Figure 6 : Stratification de dissonances à la mes. 49

Deborah Mawer a remarqué que, dans les Miroirs, un même objet est souvent projeté sur des plans géométriques de taille différente 81 . Or, nous pouvons constater que cette manière de procéder ne s’observe pas uniquement au niveau des reprises motiviques, rythmiques et harmoniques, mais également dans le traitement des matrices gestuelles de l’écriture musicale. Dans l’ensemble, la mes. 49 (figure 5-B) se présente en effet comme une transfiguration de la mes. 11 (figure 2-C), avec son jaillissement de petites notes sur le dernier temps, qui était à son tour, nous l’avons vu, une dilatation des deux derniers bicordes de la première mesure de la pièce (figure 2-A). Le côté obscur, incarné, torturé, angoissant qui semble alterner ici avec la perception sereine de paysages naturels et de cours d’eau semble ainsi émerger comme l’agrandissement d’un détail du mouvement berçant du début. Dans l’élan, dans la suspension transitoire qui prépare la répétition du geste balançant, un instant presque imperceptible de vertige, de perte de contrôle, de glissement imprévisible s’élargit et se charge en énergie, s’anime et devient poussée, force brute, cri de douleur.

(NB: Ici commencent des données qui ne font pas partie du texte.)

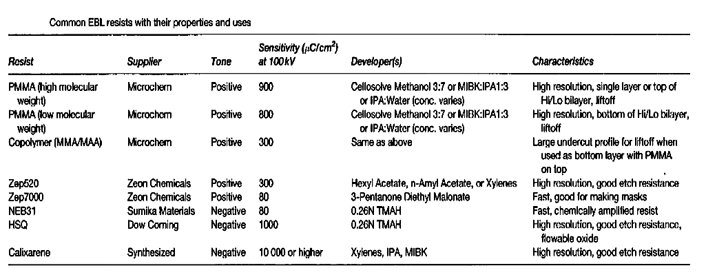 Photoresist는 특정 파장 영역의 가시광선(특정 에너지의 광자)에 민감한 polymer chain이며, 해당 파장의 빛이 조사 될 경우 polymer의 물리적 구조가 변화된다. E-beam resist는 광자가 아닌 전자에 민감한 polymer이다. 이 ER에는 크게 두 가지 종류가 있다. 바로 positive와 negative이다.

Les « soubresauts » (a18) des arpèges rapides aux mes. 49-52 sont autant d’accélérations imprévues faisant suite à l’impact des dissonances et des clusters accentués. L’impression qui en résulte est très physique : au lieu de trouver le centre d’appui vers lequel semblent tendre les mesures précédentes, la musique nous expose à un contact « frontal » (a2), direct, violent, douloureux, suivi d’un éclatement cinétique presque anarchique, frénétique, sans direction précise ni points de repères. C’est comme lorsqu’on glisse en marchant : une accélération incontrôlée du mouvement corporel fait suite à un déplacement volontaire du poids du corps sur un appui qu’on croyait stable, mais qui se révèle instable. La sensation de perdre l’équilibre et de tomber (un « glissement mal positionné », a15) semble liée aux caractéristiques de cette écriture musicale : on projetterait sur l’expérience musicale les schèmes de la POUSSÉE et de la perte d’ÉQUILIBRE, avec des PMTM éclater- tourbillonner. Dans les mesures qui suivent, ce geste douloureux est répété, mais sans le cri initial à la main droite. C’est comme l’écho atténué d’un effort physique, comme un contrecoup. Aux mes. 53-54, les tensions se dissipent progressivement.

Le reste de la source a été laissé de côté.